Questions You Should Ask Before Self Censoring

When I was in graduate school, a friend asked me to write for the University newspaper. Having finished my first short story class, I was excited at the possibility of regularly writing. The guy I was seeing at the time, a guy I thought was the one and only, a guy who faded into the background, cringed in disgust when I shared the news that I had been assigned my own column.

“I don’t want people to talk to me about what you write,” he said.

“I’ll do it anonymously,” I soothed.

The paper ran one piece by me under a pseudonym. I wrote about how female college students at the land grant institution in the South shouldn’t worry so much about getting married. Focus on what interest you, I urged.

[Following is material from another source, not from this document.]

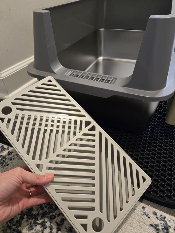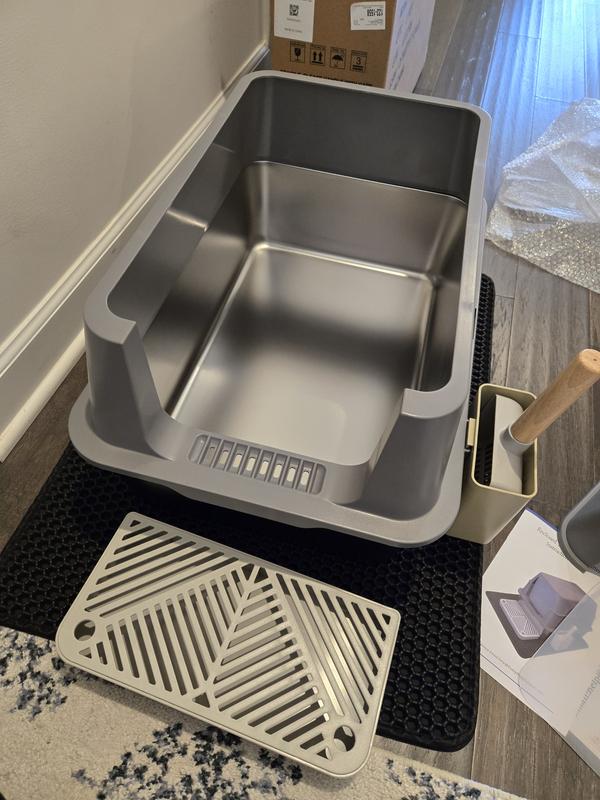 This is a fantastic litter box because it is so high quality! The bottom is made of sturdy stainless steel which doesn’t absorb odor like plastic does. It’s also great to be able to customize the box to your liking - you can choose whether it’s enclosed, high sided, or simply just the bottom. This is a great aspect when you have multiple cats to find the best fit for your furry family! Not only is the box itself fantastic, but the mat is perfect for trapping any runaway litter! I didn’t even realize my old litter mat wasn’t working until I used this one! I definitely recommend this product!

Turned out the editorial staff took themselves as seriously as the staff of the Wall Street Journal. No anonymity for their writers.

“What should I do?” I asked one of my girlfriends.”I want to do it but I made a promise I would quit if they wanted to use my name.”

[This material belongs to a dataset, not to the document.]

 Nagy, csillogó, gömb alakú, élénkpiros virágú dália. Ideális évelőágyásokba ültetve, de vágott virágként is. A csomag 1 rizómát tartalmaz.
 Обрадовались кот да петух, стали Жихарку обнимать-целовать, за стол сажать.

“You shouldn’t write it,” she advised, deep in the throes of her own romance, one that turned into marriage.

The next week I pulled out. I explained to my contact I couldn’t publish under my name. So much for focusing on what interested me. I was on a long road of self denial, a road that took five of so years to spool me away from him and into the arms of writing.

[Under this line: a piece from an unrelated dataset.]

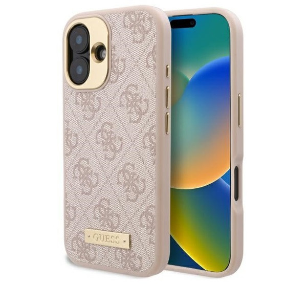 Guess 4G Logo Plate iPhone 16 MagSafe kemény hátlap tok, rózsaszín GUHMP16SU4GPRB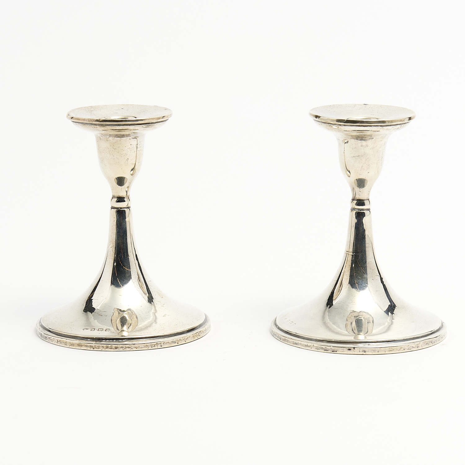 A PAIR OF STERLING SILVER CANDLESTICKS H.14CM (A/F), LEONARD JOEL DELIVERY SIZE: SMALL

Fast forward another ten years.

I write a blog post about an injustice in my midst. The situation affected my family but also the children of others. I kept the identities of the perpetrators hidden, though anyone familiar with the context of my ruminations could have sussed out the major players. The powers that be were preying on a group of non-Caucasian, non-native English speakers. As the writer of the bunch, I wanted to use my vantage for good. Or least to sound off. Let’s face it, I’m not Batman, at least not yet.

I shared a draft of the post with the one person who would be most likely to object.

Don’t post that read the unsurprising reply.

When I probed deeper, the warning was people will shun you for telling the truth. This was a more alarming reason than garden variety embarrassment. They took it one step further: people will shun those associated with you. Is that what you really want?

You’ve probably heard variations of this.

Don’t make waves.

No one likes a tattletale.

If you don’t have anything nice to say…

I didn’t post the blog entry.

I wrote this one instead. To ruminate on the irony that a banned writer can also self-censor. To remind myself that all writers have real bodies and relationships that inform our lofty ideals.

To remember that writing can inform, embarrass, endanger, or alert. We need writing or the silence would deafen us all.